- Leader: Andries Treurnicht 1982–1993 Ferdi Hartzenberg 1993–2004
- Founded: 20 March 1982
- Dissolved: September 2004
- Split from: National Party
- Merged into: Freedom Front
- Headquarters: Cape Town
- Ideology: Social conservatism National conservatism Afrikaner nationalism Apartheid White supremacy
- Political position: Far-right

= Conservative Party (South Africa) =

1982–2004 political party in South Africa

The Conservative Party (Konserwatiewe Party) was a far-right South African political party that sought to preserve many aspects of apartheid in the system's final decade, and formed the official opposition in the white-only House of Assembly in the last seven years of minority rule. It declined quickly after apartheid ended, before being merged with the Freedom Front in 2004.

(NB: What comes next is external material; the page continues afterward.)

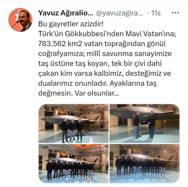 "Bu gayretler azizdir. Türk'ün Gökkubbesi'nden Mavi Vatanı'na, 783.562 kilometre kare vatan toprağından gönül coğrafyamıza; milli savunma sanayimize taş üstüne taş koyan, tek bir çivi dahi çakan kim varsa, kalbimiz, desteğimi ve dualarımız onunladır. Ayaklarına taş değmesin. Var olsunlar."

==Foundation and early support==
The party was formed on 20 March 1982 by 23 MPs from the ruling National Party who opposed Prime Minister PW Botha's reforms to apartheid and power sharing proposals, that resulted in the Tricameral Parliament, which they saw as a threat to white minority rule, and the racial segregation known as Separate Development. It was led by Andries Treurnicht, a former Dutch Reformed Church minister popularly known as 'Doctor No'. The CP's English-language programme booklets from 1987 to 1989 stated that the party was established "to continue the policy of self-determination after the [NP] government had exchanged self-determination" (something the CP described as an "infallible policy"), for power-sharing. It drew support from white South Africans, mostly Afrikaners in the rural heartlands of South Africa. All members of the new party that belonged to the Afrikaner Broederbond had to leave that organization as they were not welcome anymore.

== Official opposition ==

It became the official opposition in the whites-only House of Assembly of South Africa in the elections of 6 May 1987, when it surpassed the liberal Progressive Federal Party, winning 550,000 votes. Donald Simpson, writing in the South African newspaper, The Star, went as far as to predict that the National Party would lose the next election and that the Conservative Party would become the new government of South Africa.

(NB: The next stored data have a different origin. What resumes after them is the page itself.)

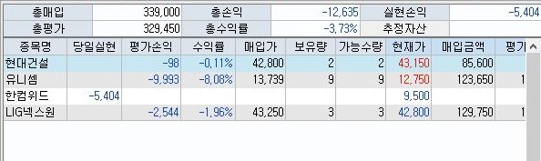 어떻게 한컴위드에서 손해를 보고도 어떻게 해서 다시금 매수가 일어나는 것을 볼 수 있었습니다. 이렇게 해서 어떻게 매수가 체결이 되었습니다.
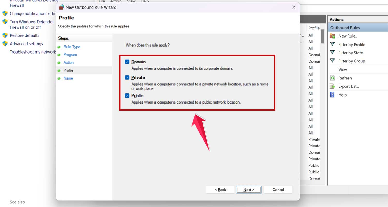On the left, click Outbound Rules. Now, on the right, click New Rule. Choose Program.
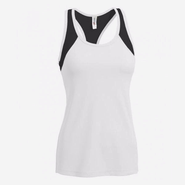Head to the gym in this racerback-inspired Expert Women's White/Black Distance Singlet that screams 'I don't glisten, I sweat' attitude. Self-binding neck and armholes ensure no-fuss movement of your guns. The racerback cut will make you feel workoutaholic the more iron you pump. Contrast panels add to aesthetics of this sleeveless workout top while a fold over pocket holds your essentials. Treated with antibacterial and sweat-wicking properties. Customize this women's singlet with your logo to bring your company to the public eye. Perfect for dance studios, gyms and other businesses related to active lifestyle.The minimum order for this product is 12 pieces.
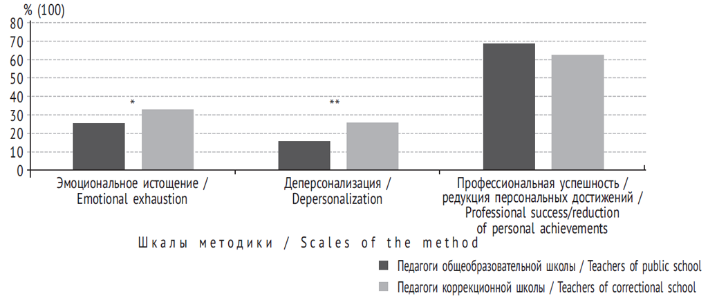 Рис. 5. Особенности профессионального «выгорания». Уровни статистической значимости: * p ≤ 0,05, ** p ≤ 0,01

In the local elections of 1987 the Conservative Party won 60 municipalities out of 110 in the Transvaal, and 1 out of 4 in the Orange Free State. The Conservative Party received 45% of the Afrikaner votes and 7.5% of the English-speaking votes. It won 50% of the Afrikaner vote in the Transvaal and Orange Free State provinces in the 1989 general elections. It won 40% of the White popular vote in the Transvaal, and 45% in the Orange Free State provinces in the 1989 elections.

In the late 1980s, the party established links with the British far-right anti-communist pressure group, the Western Goals Institute.

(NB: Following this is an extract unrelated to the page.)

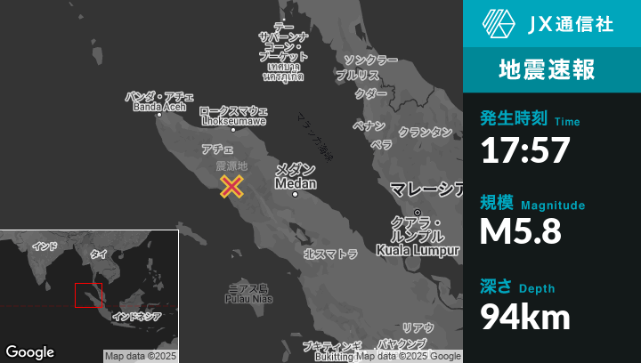 5月11日 17:57頃、インドネシアのBlangpidieから東北東33kmの地点でM5.8の地震がありました。

==Opposition to negotiations to end apartheid==
In the general election of 1989, the last before non-racial elections, the party strengthened its vote to 31.52% of the white electorate and 41 seats in the House of Assembly.

The Conservative Party led the "no" campaign during the 1992 referendum, when white South Africans were asked to determine whether or not they supported the negotiated reforms started by the government. Apart from Treurnicht, the official Leader of the Opposition, and Clive Derby-Lewis, the Shadow Finance Minister, the no side was supported by former President P W Botha, who denounced de Klerk's reforms as irresponsible and perilous to the stability of the country. The result was a defeat for the "no" side, when 68% of white voters voted "yes".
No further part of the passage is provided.